● **Exercise**: Although the records contain pictures, none belong in the copy: restate word for word only the lines from the one with "On the beach, facing" through the one with "최종 스타일과 컬러에", both included.

● **Input for this task**:
········
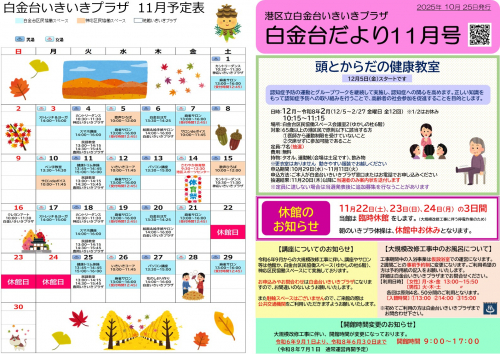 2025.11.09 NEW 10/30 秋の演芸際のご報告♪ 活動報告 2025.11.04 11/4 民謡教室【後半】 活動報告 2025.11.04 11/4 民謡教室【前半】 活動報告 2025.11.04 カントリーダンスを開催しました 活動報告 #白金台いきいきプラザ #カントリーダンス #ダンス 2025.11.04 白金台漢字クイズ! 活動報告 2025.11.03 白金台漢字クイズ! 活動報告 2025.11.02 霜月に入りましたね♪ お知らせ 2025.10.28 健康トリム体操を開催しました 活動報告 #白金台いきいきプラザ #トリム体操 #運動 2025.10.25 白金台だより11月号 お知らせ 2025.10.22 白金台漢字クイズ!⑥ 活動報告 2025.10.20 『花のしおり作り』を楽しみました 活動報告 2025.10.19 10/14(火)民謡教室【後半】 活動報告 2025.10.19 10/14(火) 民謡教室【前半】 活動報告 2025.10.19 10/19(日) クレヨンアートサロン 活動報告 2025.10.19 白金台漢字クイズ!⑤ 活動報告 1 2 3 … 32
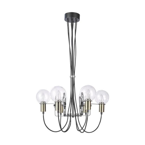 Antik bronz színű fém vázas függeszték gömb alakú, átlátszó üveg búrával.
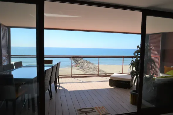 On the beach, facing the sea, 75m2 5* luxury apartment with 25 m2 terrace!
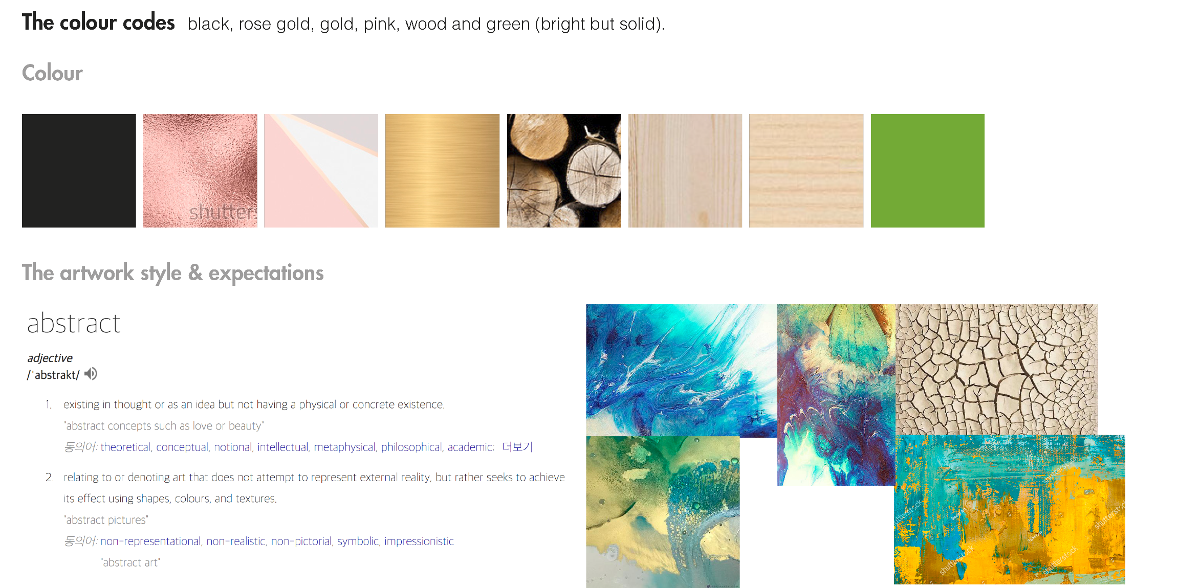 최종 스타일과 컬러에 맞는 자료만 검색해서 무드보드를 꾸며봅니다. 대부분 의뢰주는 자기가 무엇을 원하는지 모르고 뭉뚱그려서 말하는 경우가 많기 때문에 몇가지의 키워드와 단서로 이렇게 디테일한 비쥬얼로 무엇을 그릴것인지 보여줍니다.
········
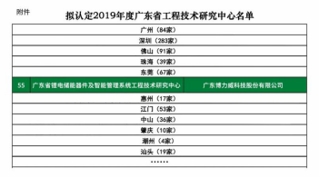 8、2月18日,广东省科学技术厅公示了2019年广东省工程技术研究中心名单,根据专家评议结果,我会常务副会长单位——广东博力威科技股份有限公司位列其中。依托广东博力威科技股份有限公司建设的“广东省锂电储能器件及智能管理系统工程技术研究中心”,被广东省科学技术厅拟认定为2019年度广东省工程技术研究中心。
········
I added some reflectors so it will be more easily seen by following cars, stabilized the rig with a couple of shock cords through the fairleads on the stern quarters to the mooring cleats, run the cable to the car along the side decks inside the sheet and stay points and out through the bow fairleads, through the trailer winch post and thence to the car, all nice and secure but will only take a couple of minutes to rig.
········
● **Exercise response**:
 On the beach, facing the sea, 75m2 5* luxury apartment with 25 m2 terrace!
 최종 스타일과 컬러에 맞는 자료만 검색해서 무드보드를 꾸며봅니다. 대부분 의뢰주는 자기가 무엇을 원하는지 모르고 뭉뚱그려서 말하는 경우가 많기 때문에 몇가지의 키워드와 단서로 이렇게 디테일한 비쥬얼로 무엇을 그릴것인지 보여줍니다.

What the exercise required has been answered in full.